● **Recorded data**
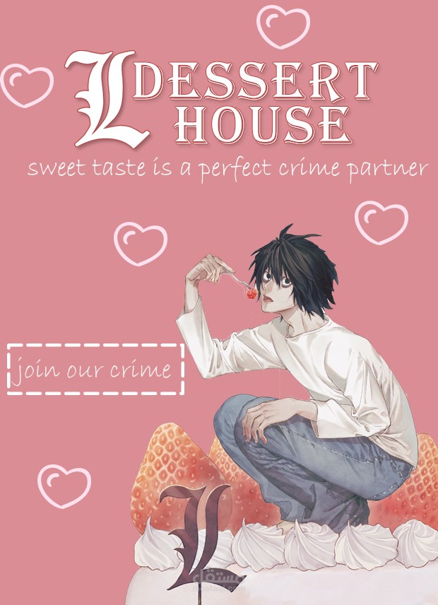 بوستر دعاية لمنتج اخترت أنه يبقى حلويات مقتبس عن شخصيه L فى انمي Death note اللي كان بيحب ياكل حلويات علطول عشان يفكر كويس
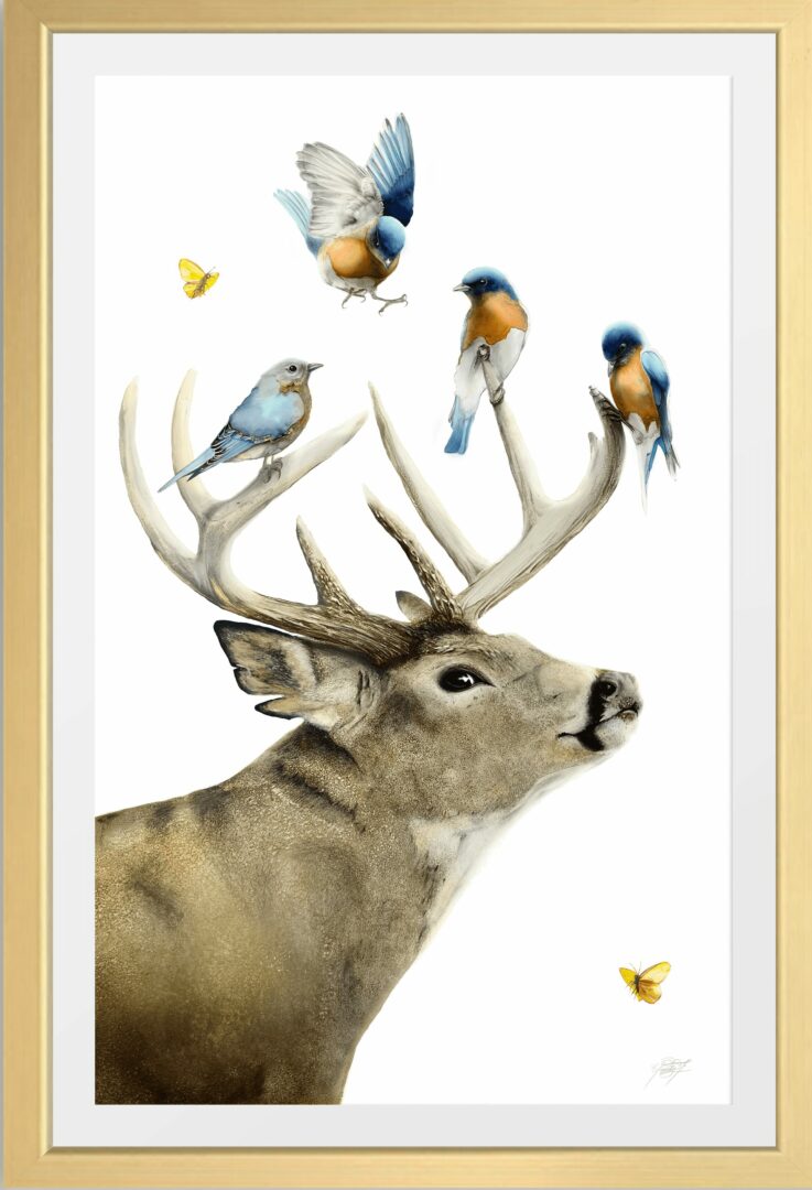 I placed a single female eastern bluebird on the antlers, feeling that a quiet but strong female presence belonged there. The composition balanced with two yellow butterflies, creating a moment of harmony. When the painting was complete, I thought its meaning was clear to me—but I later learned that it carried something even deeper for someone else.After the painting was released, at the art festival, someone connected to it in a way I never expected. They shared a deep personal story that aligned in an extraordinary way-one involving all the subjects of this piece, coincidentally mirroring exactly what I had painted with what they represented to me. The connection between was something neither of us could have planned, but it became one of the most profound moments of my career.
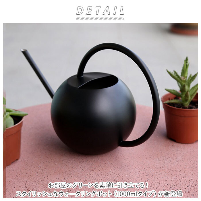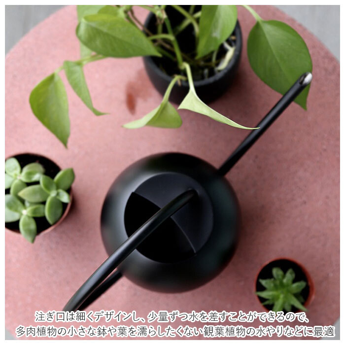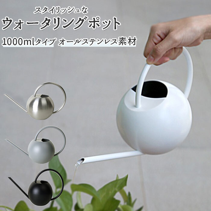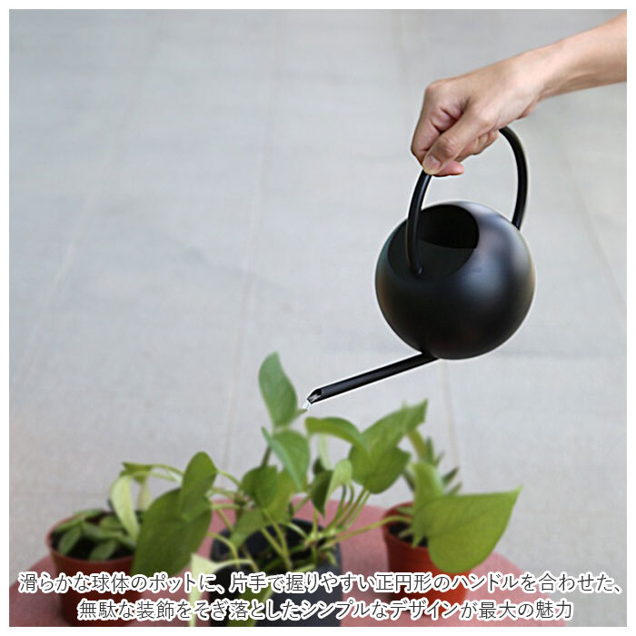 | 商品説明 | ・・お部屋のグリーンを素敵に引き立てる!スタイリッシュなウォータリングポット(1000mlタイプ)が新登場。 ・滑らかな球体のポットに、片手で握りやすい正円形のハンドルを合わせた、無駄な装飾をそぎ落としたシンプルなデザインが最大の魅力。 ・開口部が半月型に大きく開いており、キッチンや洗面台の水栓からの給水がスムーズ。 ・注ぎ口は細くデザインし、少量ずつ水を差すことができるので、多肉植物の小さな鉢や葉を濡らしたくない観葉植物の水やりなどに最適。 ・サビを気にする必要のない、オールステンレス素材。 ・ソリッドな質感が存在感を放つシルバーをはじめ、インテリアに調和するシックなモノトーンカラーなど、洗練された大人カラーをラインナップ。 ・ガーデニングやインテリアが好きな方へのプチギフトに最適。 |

● **Your instructions**
Without including any pictures, reproduce the data exactly.

● **The completed task**
 بوستر دعاية لمنتج اخترت أنه يبقى حلويات مقتبس عن شخصيه L فى انمي Death note اللي كان بيحب ياكل حلويات علطول عشان يفكر كويس
 I placed a single female eastern bluebird on the antlers, feeling that a quiet but strong female presence belonged there. The composition balanced with two yellow butterflies, creating a moment of harmony. When the painting was complete, I thought its meaning was clear to me—but I later learned that it carried something even deeper for someone else.After the painting was released, at the art festival, someone connected to it in a way I never expected. They shared a deep personal story that aligned in an extraordinary way-one involving all the subjects of this piece, coincidentally mirroring exactly what I had painted with what they represented to me. The connection between was something neither of us could have planned, but it became one of the most profound moments of my career.
 | 商品説明 | ・・お部屋のグリーンを素敵に引き立てる!スタイリッシュなウォータリングポット(1000mlタイプ)が新登場。 ・滑らかな球体のポットに、片手で握りやすい正円形のハンドルを合わせた、無駄な装飾をそぎ落としたシンプルなデザインが最大の魅力。 ・開口部が半月型に大きく開いており、キッチンや洗面台の水栓からの給水がスムーズ。 ・注ぎ口は細くデザインし、少量ずつ水を差すことができるので、多肉植物の小さな鉢や葉を濡らしたくない観葉植物の水やりなどに最適。 ・サビを気にする必要のない、オールステンレス素材。 ・ソリッドな質感が存在感を放つシルバーをはじめ、インテリアに調和するシックなモノトーンカラーなど、洗練された大人カラーをラインナップ。 ・ガーデニングやインテリアが好きな方へのプチギフトに最適。 |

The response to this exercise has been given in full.